BACKGROUND AND PURPOSE: Posterior fossa tumors are the most common pediatric brain tumors. MR imaging is key to tumor detection, diagnosis, and therapy guidance. We sought to develop an MR imaging-based deep learning model for posterior fossa tumor detection and tumor pathology classification. MATERIALS AND METHODS: The study cohort comprised 617 children (median age, 92 months; 56% males) from 5 pediatric institutions with posterior fossa tumors: diffuse midline glioma of the pons (n = 122), medulloblastoma (n = 272), pilocytic astrocytoma (n = 135), and ependymoma (n = 88). There were 199 controls. Tumor histology served as ground truth except for diffuse midline glioma of the pons, which was primarily diagnosed by MR imaging. A modified ResNeXt-50-32x4d architecture served as the backbone for a multitask classifier model, using T2-weighted MRIs as input to detect the presence of tumor and predict tumor class.
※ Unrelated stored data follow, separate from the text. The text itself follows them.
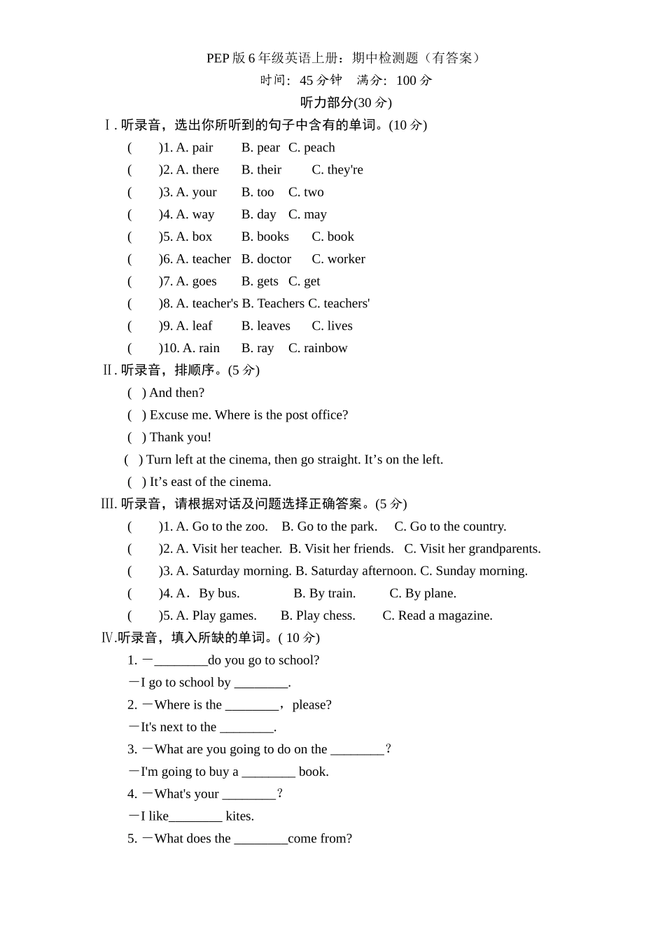 PEP版6年级英语上册:期中检测题(有答案)时间:45分钟满分:100分听力部分(30分)Ⅰ.听录音,选出你所听到的句子中含有的单词。(10分)()1.A.pairB.pearC.peach()2.A.thereB.theirC.they're()3.A.yourB.tooC.two(...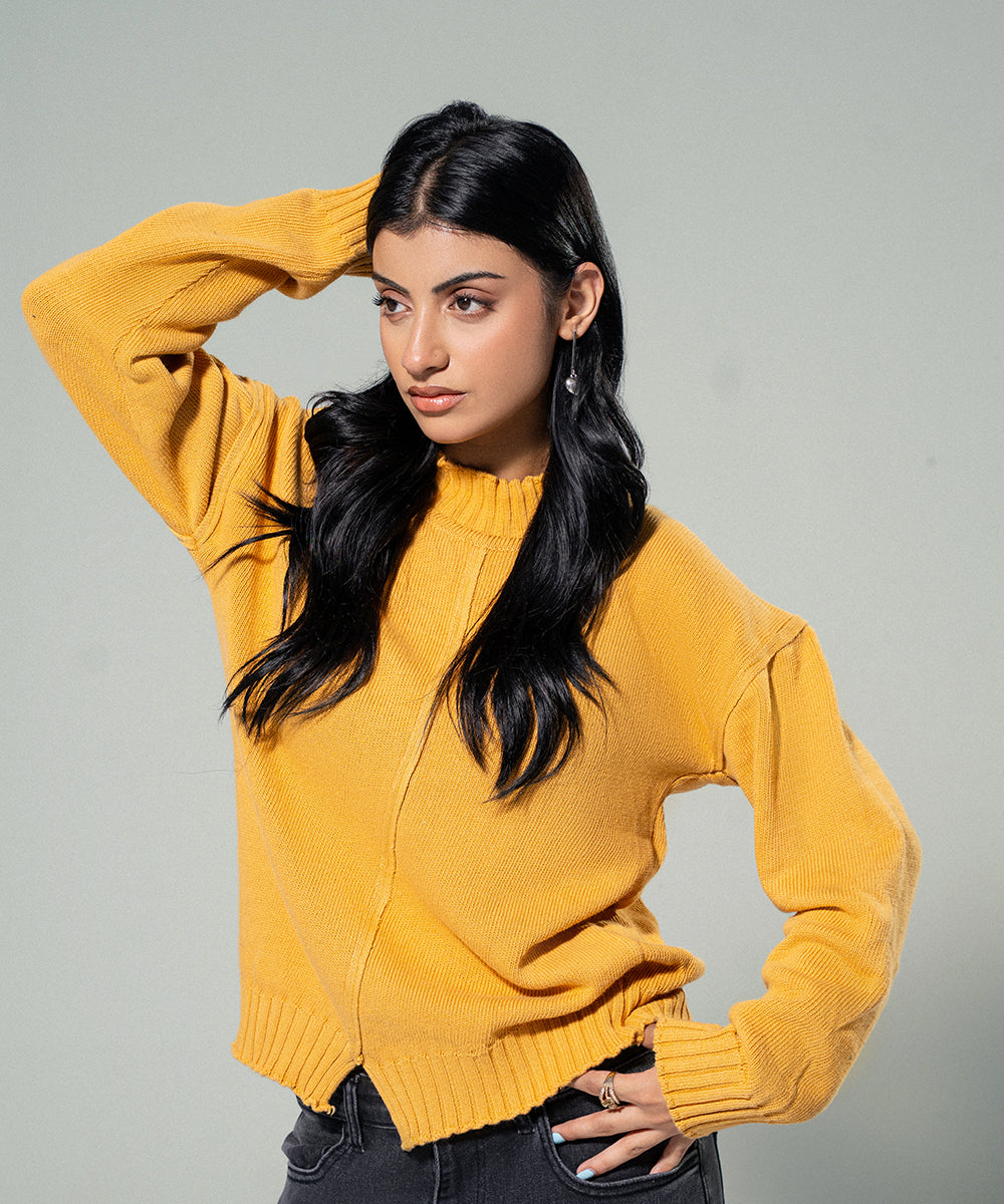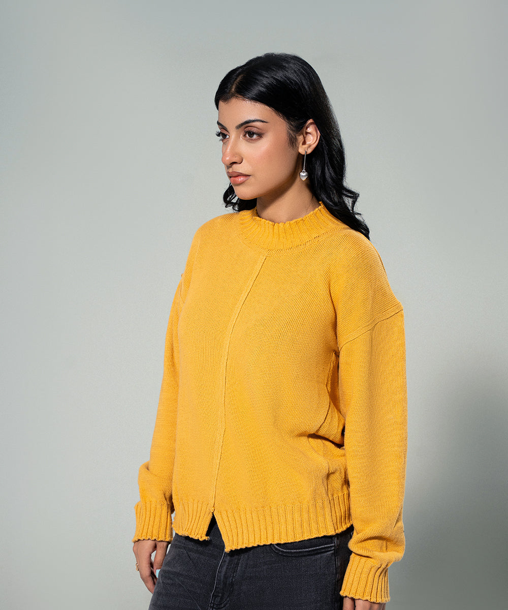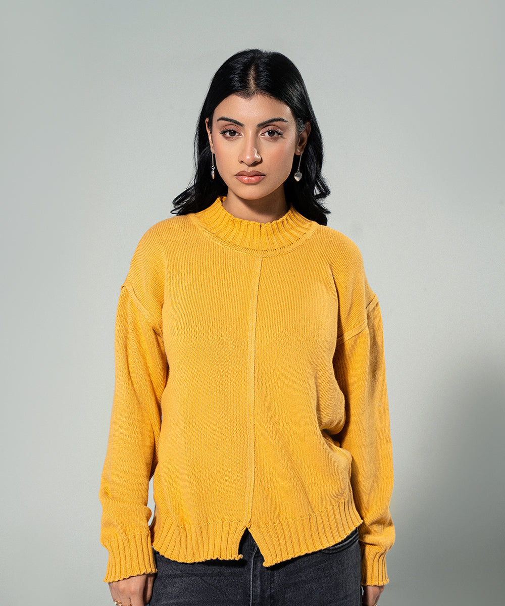 Design details: This lean look sweater features a modish pleated turtle neck, complemented by a front seam-line and subtle slit details that elevate its classy appearance.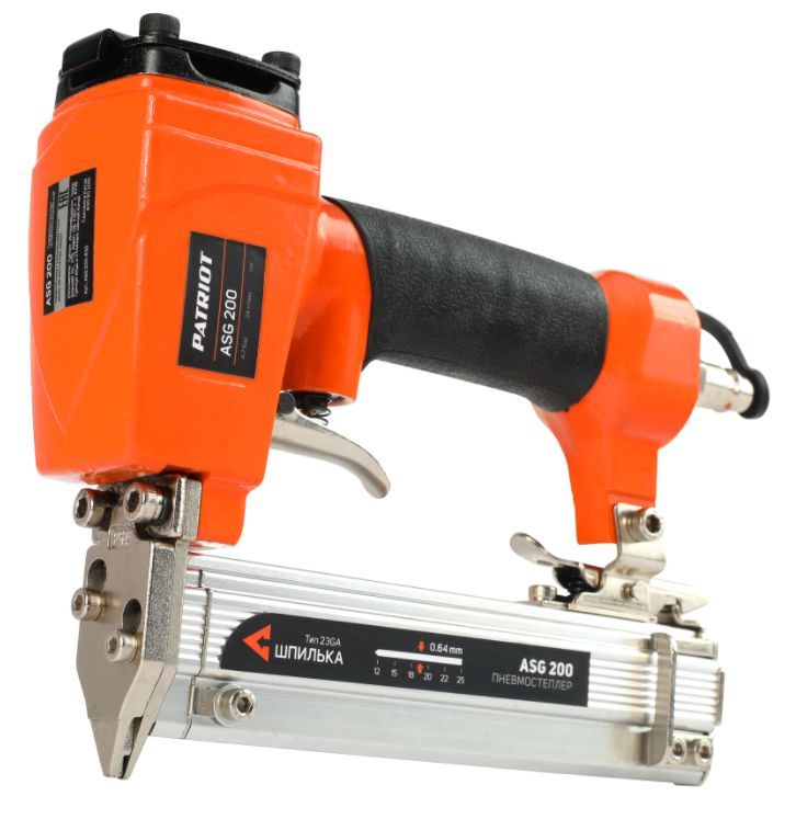 Шпилькозабивной пневмопистолет Patriot ASG 200 применяется для соединения различных элементов во время монтажных или строительных работ. Емкость магазина (скоб/гвоздей), шт 100. Скоба Тип 23 (23GA), длина 12-25 мм, сечение 0,64 мм. Тип соединения быстросъем. Присоединительный штуцер, дюйм 1/4 быстросъем RAPID. Рабочее давление, бар 4-7. Расход воздуха, л/мин 23.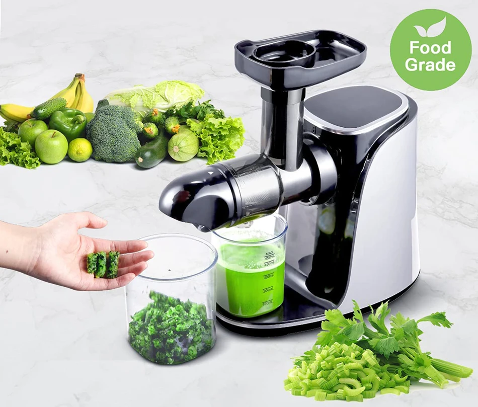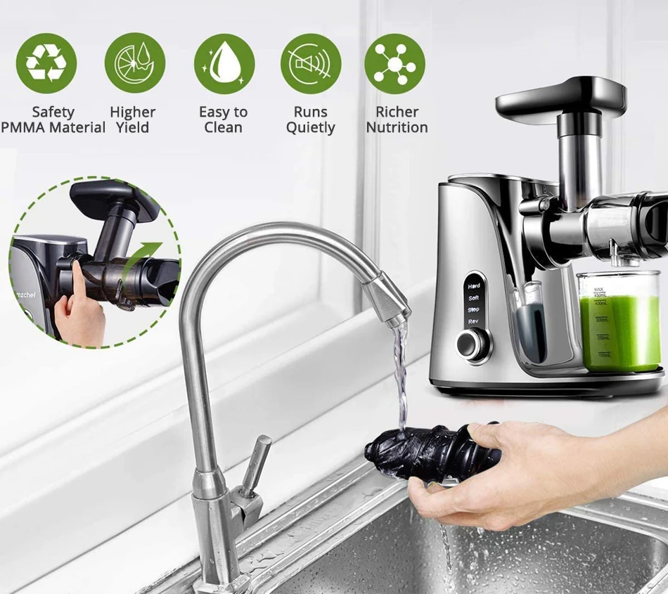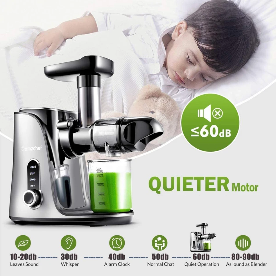 Эта медленная соковыжималка AMZCHEF имеет гибкую конструкцию с 2 скоростями управления для извлечения различных фруктов и овощей (включая листья овощей).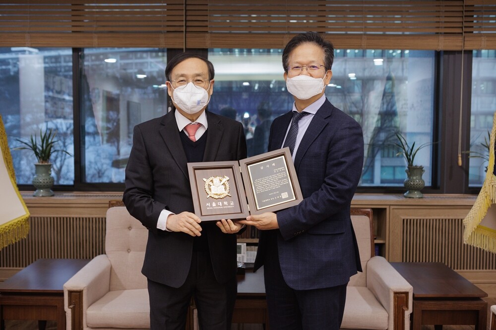 오세정(왼쪽) 서울대 총장이 치의학대학원 100주년 기념기금으로 10억원을 기부하기로 약정한 최규옥 오스템임플란트 회장에게 감사패을 전달한 뒤 기념촬영을 하고 있다. 사진=서울대 제공 |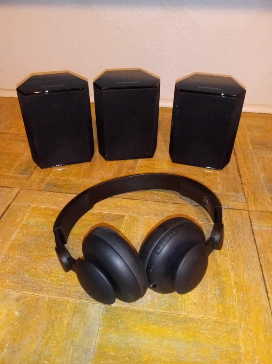 LOT 383 SAMSUNG SURROUND SPEAKER SYSTEM AND ONN WIRELESS HEADPHONES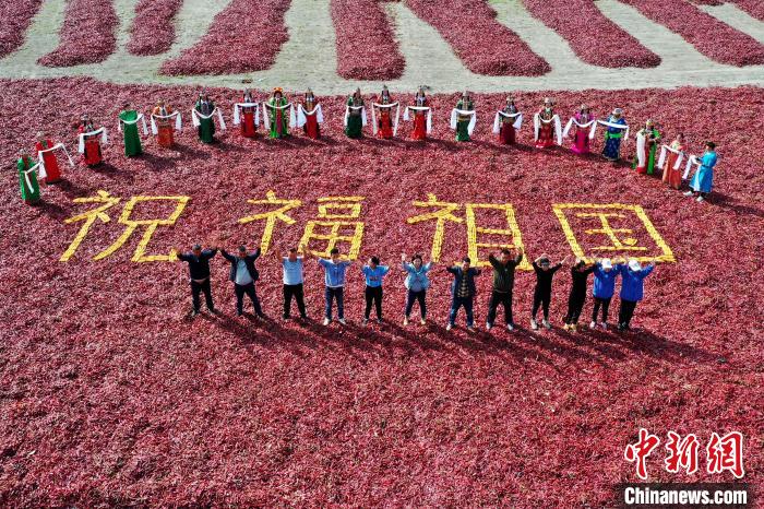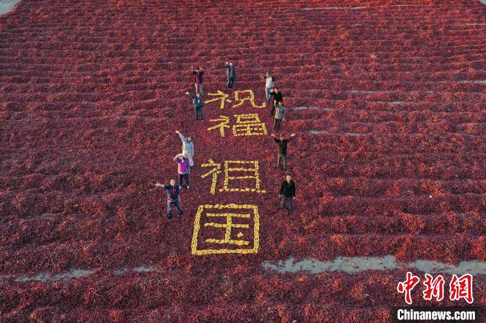 秋高氣爽,艷陽(yáng)高照,素有“辣椒之鄉”的新疆博湖縣,又迎來(lái)了一個(gè)豐收季;鸺t的辣椒鋪滿(mǎn)了整個(gè)晾曬場(chǎng),在一望無(wú)際的金秋田野上顯得十分耀眼。當地村民用豐收的辣椒和玉米擺成“祝福祖國”“歡度國慶”等圖案慶祝國慶。

Deep learning model performance was compared against that of 4 radiologists. RESULTS: Model tumor detection accuracy exceeded an AUROC of 0.99 and was similar to that of 4 radiologists. Model tumor classification accuracy was 92% with an F1 score of 0.80. The model was most accurate at predicting diffuse midline glioma of the pons, followed by pilocytic astrocytoma and medulloblastoma. Ependymoma prediction was the least accurate. Tumor type classification accuracy and F1 score were higher than those of 2 of the 4 radiologists. CONCLUSIONS: We present a multi-institutional deep learning model for pediatric posterior fossa tumor detection and classification with the potential to augment and improve the accuracy of radiologic diagnosis.